Instructions for the task:
Find the line that contains "Provamed Sun Face"; please output it and each line after it, exactly as shown, up to the end of the entries below, skipping pictures.

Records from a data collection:
----------

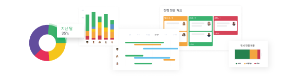 업무 진행 상황 및 마감기한 등 업무의 전반적인 현황을 한눈에 파악할 수 있는 기능이 있는지 확인해 보아야 합니다. 더불어 다양한 방식으로 데이터 시각화가 가능하다면 더욱 직관적으로 데이터를 파악할 수 있겠죠?
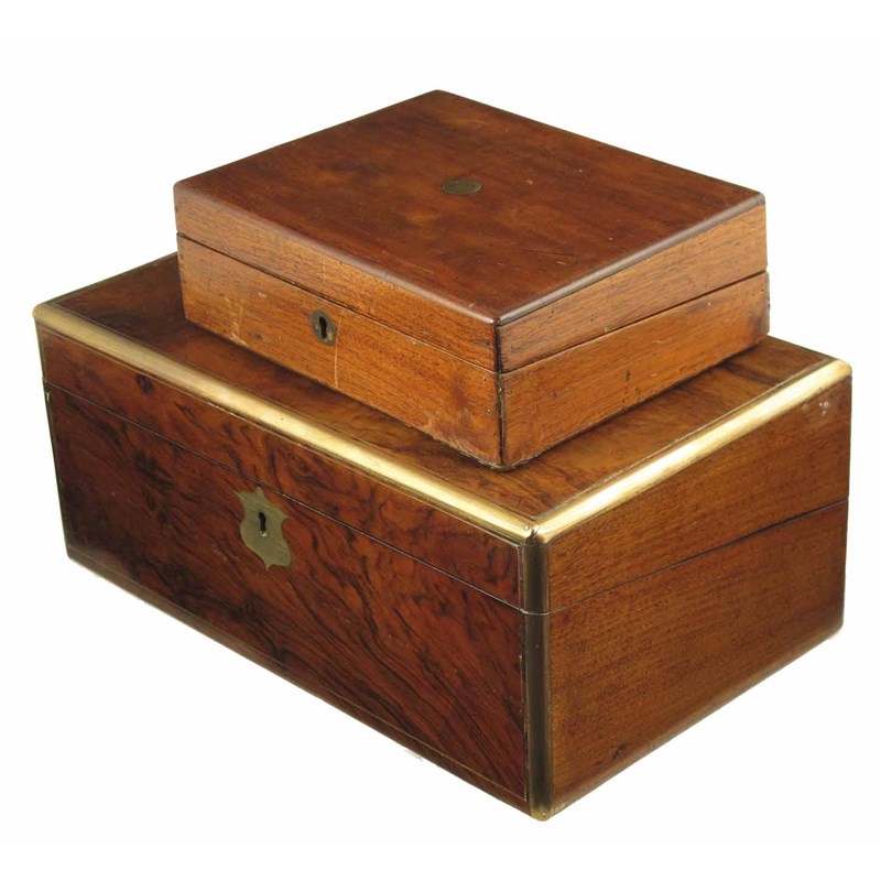A late Victorian walnut and brass mounted writing slope, 6.75in (17cm) h, 16in (40.5cm) w, 9.75in (25cm) d., and a late Victorian child's mahogany writing slope, 10.25in (26cm) w. (2)
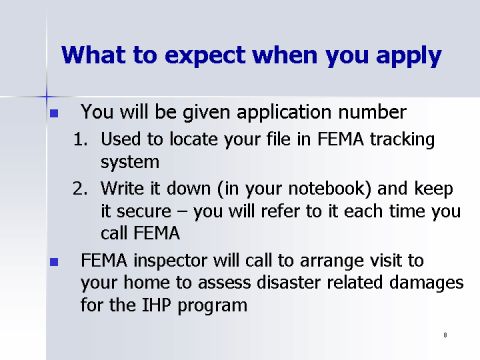 - FEMA inspector will call to arrange visit to your home to assess disaster related damages for the IHP program
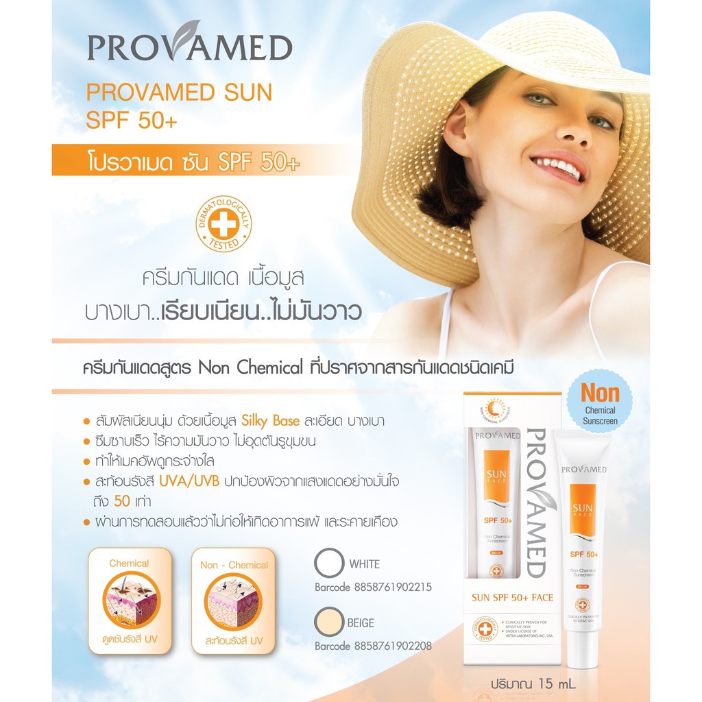 Provamed Sun Face SPF 50+ PA ++++ 30g : สีขาว // สีเนื้อ Mousse & Matte Sunscreen
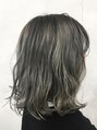 全体ブリーチ履歴がある髪に、ホワイトハイライトを細く入れて全体はくすみたっぷりの濃いグレーに!ブリーチしてるからこそできるカラーで個性を♪
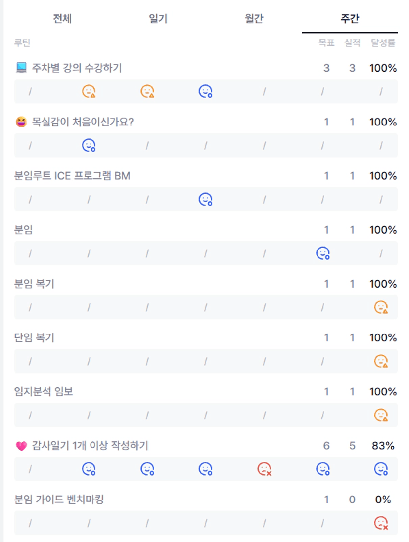 2️⃣ 이번 주 목실감을 작성하면서 느낀점과 더불어 한 주 스스로 어떻게 지냈는지 간단한 회고를 적어보아요 :)

----------

Your solution:
 Provamed Sun Face SPF 50+ PA ++++ 30g : สีขาว // สีเนื้อ Mousse & Matte Sunscreen
 全体ブリーチ履歴がある髪に、ホワイトハイライトを細く入れて全体はくすみたっぷりの濃いグレーに!ブリーチしてるからこそできるカラーで個性を♪
 2️⃣ 이번 주 목실감을 작성하면서 느낀점과 더불어 한 주 스스로 어떻게 지냈는지 간단한 회고를 적어보아요 :)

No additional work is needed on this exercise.